Mary Stuart Masterson's film debut, playing the daughter of actress Katharine Ross and of her own father, actor Peter Masterson.
Author Ira Levin was originally going to write this as a stage play, until he realized there were too many characters and opted to turn it into a novel instead, which the film was based on.
After the movie was released, there was a feminist demonstration against it, decrying it as being sexist. One of the protesters hit director Bryan Forbes over the head with her umbrella. Katharine Ross commented on the incident in the documentary The Stepford Life (2001) about the making of the movie, stating that this was a powerful testimony to how the movie affected the protesters.
When Joanna goes to the city to show her photos at a gallery, the large black and white photo in the gallery window is of Lewis Carroll, author of Alice in Wonderland. Under his real name (Charles Lutwidge Dodgson), he was a well-known Victorian photographer, especially of children.
Director Bryan Forbes claims that Diane Keaton turned down the role of Joanna the night before signing her contract, because her analyst got "bad vibes" from the script.
Jordan Peele's social thriller, Get Out (2017), which has become one of the most successful debut movies by a director, was directly influenced by The Stepford Wives. Peele has openly acknowledged as much in interviews, citing The Stepford Wives and Roman Polanski's Rosemary's Baby (1968) as two of his favorite movies.
The original draft of the screenplay called for the women to wear miniskirts. Supposedly, once director Bryan Forbes cast his wife, Nanette Newman, as one of the wives, this changed. Ms. Newman did not have the figure for such revealing clothing, and the women were dressed instead in feminine but modest wardrobe. The remake, The Stepford Wives (2004), attempted to correct this design problem.
Brian De Palma was approached to direct in early 1974, due to the surprise success of Sisters (1972). However, the offer was rescinded when screenwriter William Goldman refused to work with DePalma, and DePalma ended up filming the suspense melodrama Obsession (1976) instead.
Neither film version of The Stepford Wives was very successful at the box office, although the 1975 version was well-reviewed and continues to develop a cult following. The 2004 version was pummeled by the critics and roundly despised by everyone, even some of the people who made it.
Joanna Cassidy was cast in the role of Bobbie by producer Edgar J. Scherick, and actually shot a few scenes, but was abruptly fired and replaced by Paula Prentiss, who had recently given birth to her first child.
Casting directors used actresses Mary Tyler Moore and Valerie Harper, (aka Mary Richards and Rhoda Morganstern), as prototypes for the Joanna and Bobbie characters.
This became one of the first major studio releases not to be given a proper circuit release in the UK following its poor box office showing in the US.
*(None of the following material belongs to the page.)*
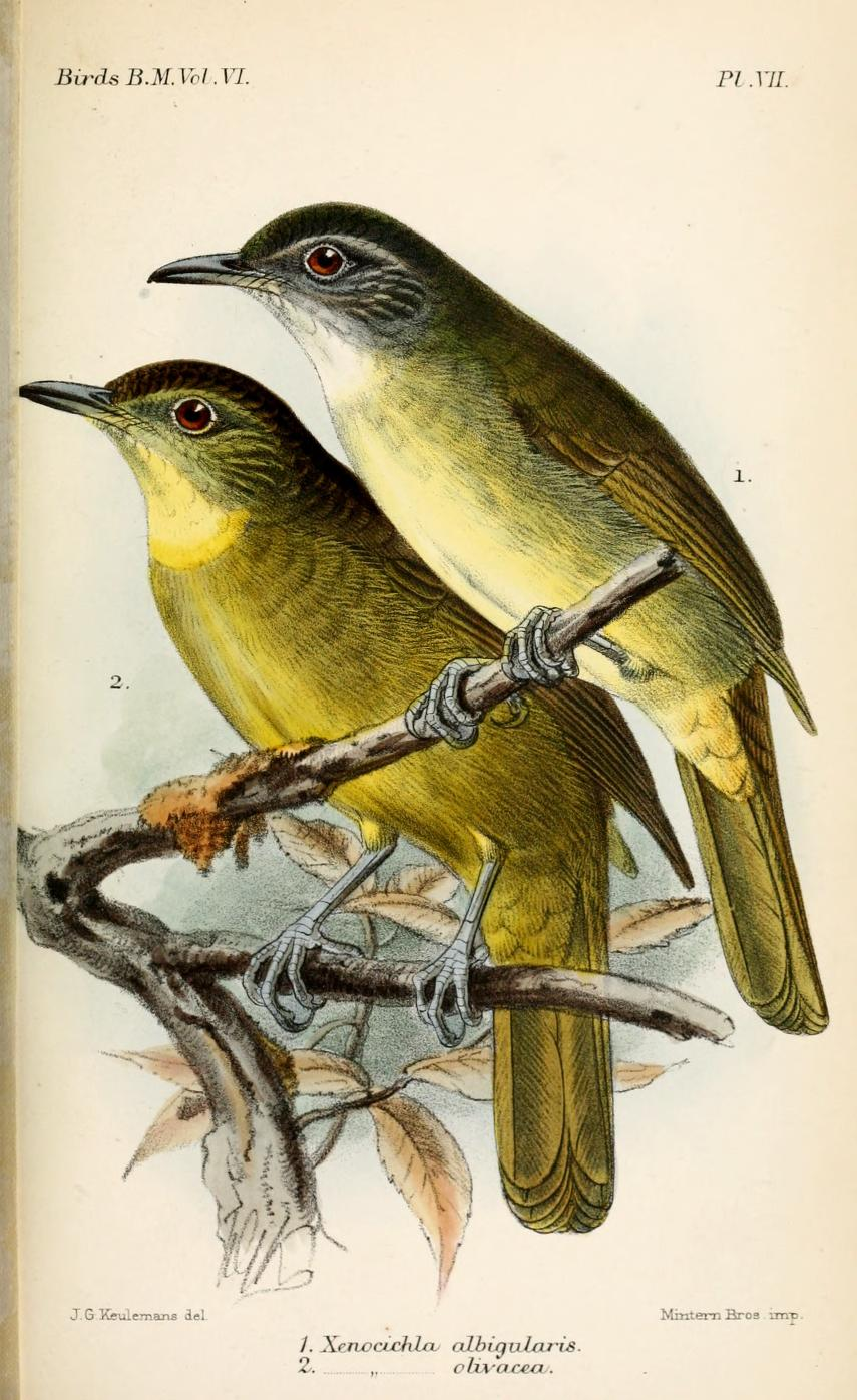 Xenocichla albigularis = Phyllastrephus albigularis, White-throated Greenbul (above); and Xenocichla olivacea = Criniger olivaceus, Yellow-throated Olive Greenbul (below)

When Bobbie Markowe says, "I don't want to squeeze the goddamn Charmin!", this is a reference to a television advertisement for Charmin, a brand of toilet paper, which was heavily promoted in the US in the 1970s.
Before Katharine Ross was cast in the leading role of Joanna Eberhart, Tuesday Weld had originally been set to play the part, but passed. Diane Keaton very nearly took the role.
In the novel, Second Wave feminist and "Feminine Mystique" author Betty Friedan comes to Stepford and makes an appearance at a Women's Club meeting. This is ironic since the real Friedan did see "The Stepford Wives", but she didn't like it, saying it was anti-woman and anti-human.
Director Bryan Forbes claimed that he found screenwriter William Goldman very high-handed and rude, and reluctant to change anything in his script, which several previous directors had turned down. Goldman, in turn, was infuriated that Forbes rewrote his script extensively, mostly during shooting.
Producer Edgar J. Scherick offered Brian De Palma the opportunity to direct 'The Stepford Wives' after he had seen his cult thriller, Sisters (1972). When screenwriter William Goldman got wind of this, he threatened to quit since he did not like De Palma's work. The producers acquiesced, and British director Bryan Forbes was hired (much to his own surprise).
Early on during pre-production, Edgar J. Scherick suggested that Mary Tyler Moore and Valerie Harper could play "Joanna Eberhart" and "Bobbie Markowe" respectively. This was vetoed immediately by William Goldman who deemed it as a "very gimmicky publicity stunt", as both actresses were very popular at the time starring in top-rated sitcoms. The idea was dismissed before casting ever began.
Actress Tina Louise played Ginger in the television series Gilligan's Island (1964) while actress Judith Baldwin played Ginger in the television movie Rescue from Gilligan's Island (1978).
Franklin Cover, who stars as one of the Stepford husbands, was also starring on the television sitcom, The Jeffersons (1975) at the time of the film's release. His wife in the movie, actress Tina Louise, was also a sitcom star; she played Ginger on Gilligan's Island (1964).
When the casting process began, producer Edgar J. Scherick, who had secured the rights to Ira Levin's novel desiring to achieve "another Rosemary's Baby (1968)", suggested Mia Farrow for the role of Joanna. The idea was quickly dropped, and the actress, then living in England, was never approached.